Il perimetro di applicazione della Legge 398/1991
di Guido MartinelliLa circolare 18/E/2018 della Agenzia delle entrate, in risposta ad un preciso quesito formulato nell’ambito dei lavori del tavolo tecnico attivato con il Coni, richiamando il contenuto del primo comma dell’articolo 1 D.P.R. 544/1999 (“Alle associazioni sportive dilettantistiche di cui all’articolo 25, comma 1, della legge 13 maggio 1999, n. 133, alle associazioni senza scopo di lucro ed alle associazioni pro-loco, che optano per l’applicazione delle disposizioni di cui alla legge 16 dicembre 1991, n. 398, si applicano, per tutti i proventi conseguiti nell’esercizio di attività commerciali, connesse agli scopi istituzionali, le disposizioni di cui all’articolo 74, sesto comma, del decreto del Presidente della Repubblica 26 ottobre 1972, n. 633, e successive modificazioni”) ha precisato che il regime agevolativo di cui alla L. 398/1991 può trovare applicazione solo limitatamente ai proventi di natura commerciale connessi alle finalità istituzionali.
In sostanza se il contribuente interessato: “svolge un’attività commerciale autonoma e distinta da quella istituzionale, la stessa non può usufruire, per detta attività, del regime agevolato in argomento”.

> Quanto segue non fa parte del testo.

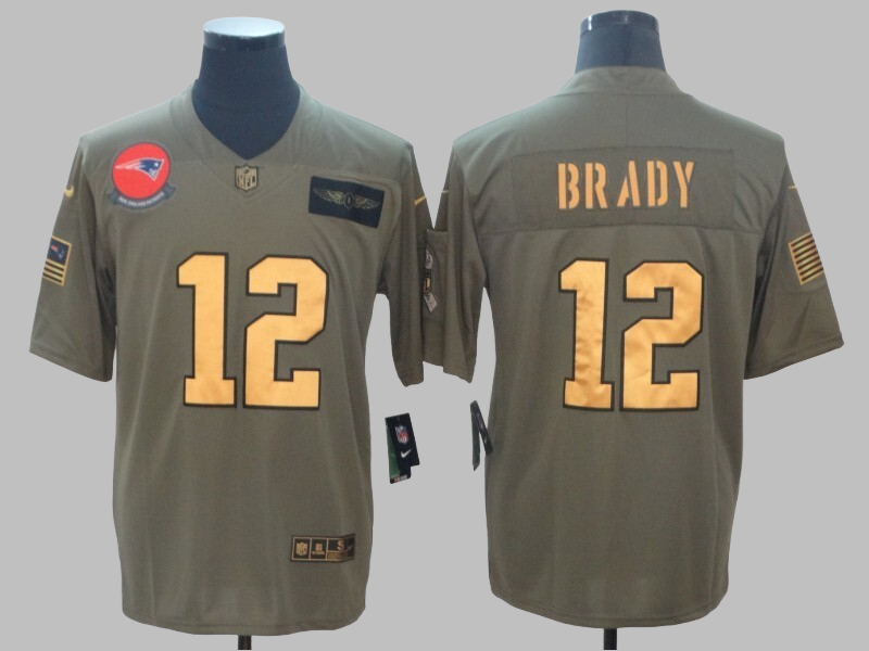 New England Patriots Custom All Stitched NFL Olive Salute To Service Limited Jersey - Men's & Women's & Youth & Toddler

In via preliminare occorre mettere in chiaro che tale pronunciamento, oltre che per le sportive, trova applicazione per tutti gli altri enti senza scopo di lucro che continuano oggi ad applicare la L. 398/1991 (si ricorda che tale opportunità, per gli enti senza scopo di lucro di natura non sportiva, cesserà con il periodo di imposta successivo all’entrata in vigore del Registro Unico Nazionale del Terzo settore).
La presa di posizione della amministrazione finanziaria appare, però, irta di difficoltà interpretative.
Il primo aspetto è legato alla determinazione del plafond per poter optare per il regime forfettario.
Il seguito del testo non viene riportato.